- Born: March 8, 1872 Posen, German Empire
- Died: June 18, 1973 (aged 101) Chicago, Illinois, U.S.
- Burial place: St. Adalbert Cemetery, Niles, Illinois
- Military career
- Allegiance: United States of America
- Branch: United States Army
- Service years: 1894-97
- Rank: Private
- Unit: 17th U. S. Infantry
- Conflicts: Indian Wars

= Frederick Fraske =

Last surviving veteran of the Indian Wars

Frederick (Fredrak) W. Fraske (March 8, 1872 - June 18, 1973) was a German-born American soldier, believed to have been the last surviving veteran of the Indian Wars.

==Biography==
Fraske was an ethnic German born in the city of Posen, which at that time was in the Province of Posen, part of Prussia, which itself was part of the German Empire.
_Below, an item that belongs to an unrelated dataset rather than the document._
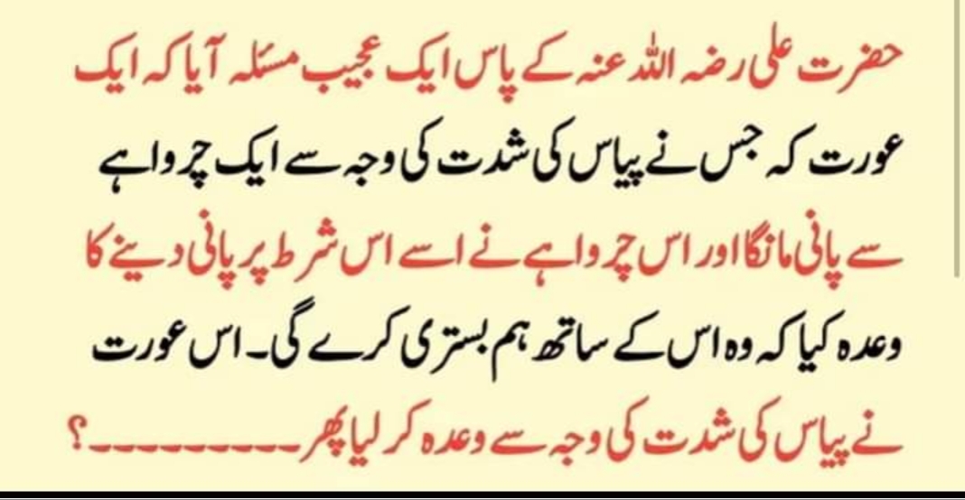 منقول ہے حضرت عمر فاروق رضی اللہ عنہ کے پاس ایک عورت کا مقدمہ پیش ہوا جس نے پیاس کی شدت کی وجہ سے ایک

As a young child in 1877, he migrated to the United States with his family, including his parents and four brothers. At the age of 21, on February 22, 1894, in Chicago, which was his home town, he enlisted in the U.S. Army to help his widowed mother support her family of seven. He was assigned to Fort D.A. Russell, which was near Cheyenne, Wyoming, serving as a private with company F of the 17th infantry as a first aid man and letter carrier. He spoke about Cheyenne of that time as a quiet but wild town, where cattle were unloaded, and the residents were a tough breed.

His starting pay in the Army was the standard $9 a month, and then it increased $1 each year. The time that he was in the service was spent preparing for confrontation at the fort, which never occurred. Fraske later said he was glad that he never fired a shot in battle with American Indians, and didn't feel any ill will towards them either. He also felt that he understood the difficult position they were in. Fraske never personally had anything other than peaceful encounters with them.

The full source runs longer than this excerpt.